BRIEF: This exercise calls for the data below to be retyped exactly, minus any images.

─── SUPPLIED INFORMATION ───

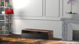 - Demi-porte abattante de couleur noire permettant de laisser la partie supérieure du caisson ouverte pour pouvoir utiliser sa barre de son et piloter ses appareils sans ouvrir le meuble.
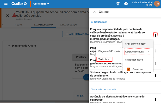 Como aprofundar a análise de causa de uma ocorrência utilizando texto livre no Qualiex?
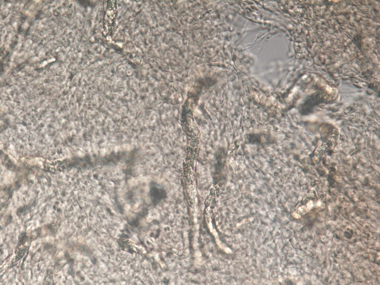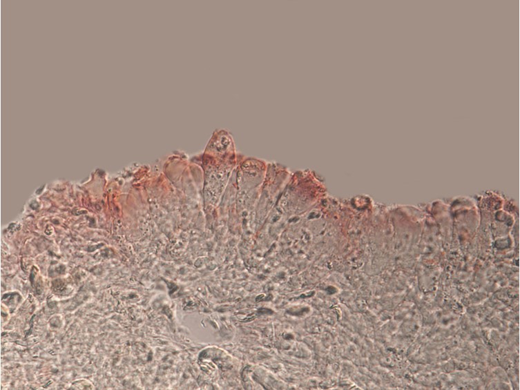 Basidia 35–75 × 10–15 µm, subclavate to clavate, mostly 4-spored but 1- and 2-spored basidia also present, sometimes with granular or guttate contents; sterigmata 2.5–10 × 1–3 µm. Pleuromacrocystidia absent. Pileipellis 35–80 µm thick, containing pale brown, intracellular pigmentation, composed of long and slender terminal elements, 2–6 µm, cylindrical, subfusiform, sometimes subclavate. Stipitipellis a cutis or trichoderm, 30–75 µm thick, hyaline.
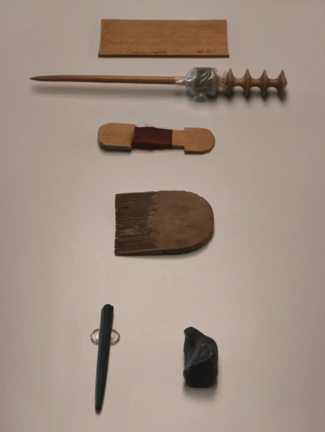 石眉笔和眉石是古代妇女化妆用品,使用时,用眉笔在眉石上研磨,沾取黑色粉末可以美眉,是东西文化交流的典型例证。/ 木篦为梳理头发的工具,由整块木料雕刻而成,反映汉代西域居民日常生活用品的制作水平与实用特征。

───

EXERCISE OUTPUT:
 - Demi-porte abattante de couleur noire permettant de laisser la partie supérieure du caisson ouverte pour pouvoir utiliser sa barre de son et piloter ses appareils sans ouvrir le meuble.
 Como aprofundar a análise de causa de uma ocorrência utilizando texto livre no Qualiex?
 Basidia 35–75 × 10–15 µm, subclavate to clavate, mostly 4-spored but 1- and 2-spored basidia also present, sometimes with granular or guttate contents; sterigmata 2.5–10 × 1–3 µm. Pleuromacrocystidia absent. Pileipellis 35–80 µm thick, containing pale brown, intracellular pigmentation, composed of long and slender terminal elements, 2–6 µm, cylindrical, subfusiform, sometimes subclavate. Stipitipellis a cutis or trichoderm, 30–75 µm thick, hyaline.
 石眉笔和眉石是古代妇女化妆用品,使用时,用眉笔在眉石上研磨,沾取黑色粉末可以美眉,是东西文化交流的典型例证。/ 木篦为梳理头发的工具,由整块木料雕刻而成,反映汉代西域居民日常生活用品的制作水平与实用特征。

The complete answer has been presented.